Recommended by Conor McShane

  • Flight
    27 Jul. 2020
    A warm, empathic, subtly magical portrait of a family with mixed cultures and beliefs. I'd love to watch a whole full-length with these characters!
  • Together
    27 Jul. 2020
    A sparse, chilling piece that touches on forced assimilation and cultural erasure in just a few short pages. Unsettling and remarkable.
  • TO HISTORY/To Whom It May Concern -- TWO: War/Games
    20 Jul. 2020
    A piece that touches on colonization, assimilation, appropriation, oppression, and who gets to write history, all in the span of a few pages. A powerful and necessary reclamation of history, images, culture, and power.
  • TO HISTORY/To Whom It May Concern -- ONE: War/Paint
    20 Jul. 2020
    I love the way this piece creates a sense of community, of communion, bringing the audience in to share the space and take a hard look at our past and our present. It must've been an incredible thing to experience in person!
  • JUST PRESS SAVE
    19 Jul. 2020
    A vision of our very near-future that's both inspiring and upsetting, Rodney Hicks writes with warmth and compassion for his characters and their struggles. It doesn't shy away from harsh realities, but suggests that human connection and empathy will always prevail.
  • Finger
    13 Jul. 2020
    Cathro takes what could've just been a lurid story and turns it into something surprisingly tender, funny, and at times even moving. A play about what happens when we entrust a part of ourselves to someone else--in this case literally!
  • the bandaged place
    12 Jul. 2020
    A raw, painful, beautiful rumination on the messy journey of healing. I love how we're pulled along through the story by the fluid transitions between scenes, giving the play an almost dreamlike feel in contrast with the complex realities of its characters. Just stunning.
  • The Beasts of Warren
    6 Jul. 2020
    I love how we're given just enough information to pull us into this world and keep us interested to see where it goes. An eerily prescient story for the current moment, but told with a light touch that gives it the feel of a classic fantasy adventure yarn.
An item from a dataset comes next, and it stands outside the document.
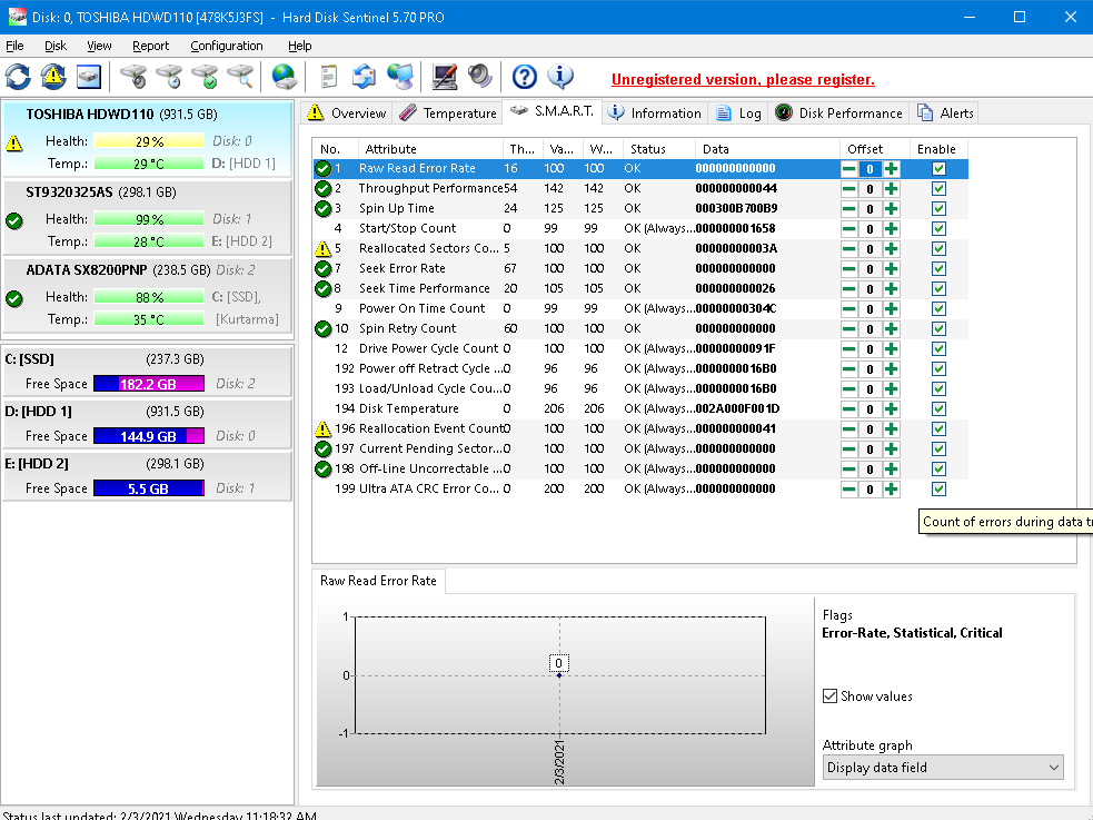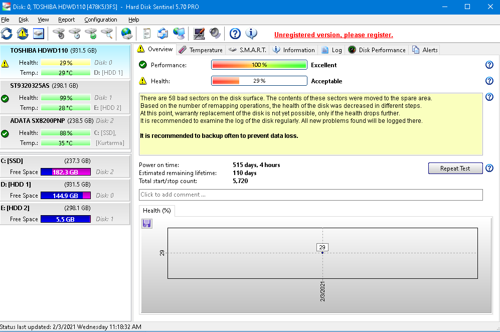 Forumda Hard Disk Sentinel programinin lafi cok dondugu için indirip disk sagligina bakmak istedim ama gosterdigi degerleri gorunce cok sasirdim. HDD'min 110 gun omru kaldigini ve %29 saglik orani veriyor? Ne diyor bu program? Dedigi degerler gercek mi? HDD sorunsuz kullanıyorum bugune kadar hatayla hiç karsilasmadim. Bozuk sektor bile var diyor 58 tane. Sizce bu program dogru mu analiz ediyor yoksa uyduruyor mu?

  • The Magnificent Stephen
    28 Jun. 2020
    I'm always fascinated by forgotten or overlooked stories from history, and Mr. Muhammad illuminates the life of Stephen Bishop beautifully in this play. Stephen's struggle, the fact that he is celebrated and revered below ground in a way he would never be in the regular world, is extremely compelling.
  • Bring the Beat Back
    22 Jun. 2020
    I missed an opportunity to see this in Chicago, and I regret it to this day, because this play couldn't be more up my alley. Queer Afrofuturist sci-fi dance musical with a message of self-acceptance and forging your own path? Doesn't get much cooler than that.